30-day mortality, in-hospital complications and failure-to-rescue (“FTR”, the probability of death following complications).
3,270 acute care hospitals in the United States.
Medicare claims on general, orthopedic and vascular surgery admissions in the U.S. for 2000 – 2005 (N = 4,658,954 unique patients).
Combining all surgeries, compared to non-teaching hospitals, patients at very major teaching hospitals demonstrated a 15% lower odds of death (P<0.0001), no difference in complications, and a 15% lower odds of death after complications (FTR) (P<0.0001). These relative benefits associated with higher RB ratio were not experienced by black patients, for whom the odds of mortality and FTR are similar at teaching and non-teaching hospitals, a pattern that is significantly different from that of white patients (P<0.0001).

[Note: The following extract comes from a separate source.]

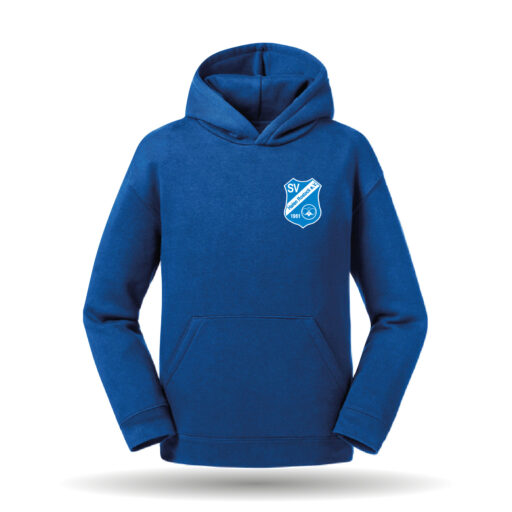 In der Farbe navy und royal erhältlich. Der Pullover hat eine länger geschnittene Passform. Er besitzt eine gefütterte Kapuze sowie eine aufliegende Kängurutasche mit Taschenöffnungen. Am Ausschnitt befindet sich ein Nackenband.

Survival after surgery is higher at hospitals with higher teaching intensity. Improved survival is due to lower mortality after complications (better FTR), and generally not due to fewer complications. However, this better survival and FTR at teaching intensive hospitals is seen for whites, not for blacks.
Outcomes are generally better in hospitals with higher teaching intensity,1–6 but it is unclear how this benefit is achieved. Lower risk-adjusted mortality at teaching hospitals might result from the prevention of some complications, prevention of death after a complication has occurred, both, or even one effect offsetting the other. While teaching hospitals are generally larger, have more advanced technology, greater volume, and better nurse staffing4, 7, 8 (attributes that may aid in both preventing complications and successfully treating complications), it is by no means clear whether all patients benefit equally from these attributes.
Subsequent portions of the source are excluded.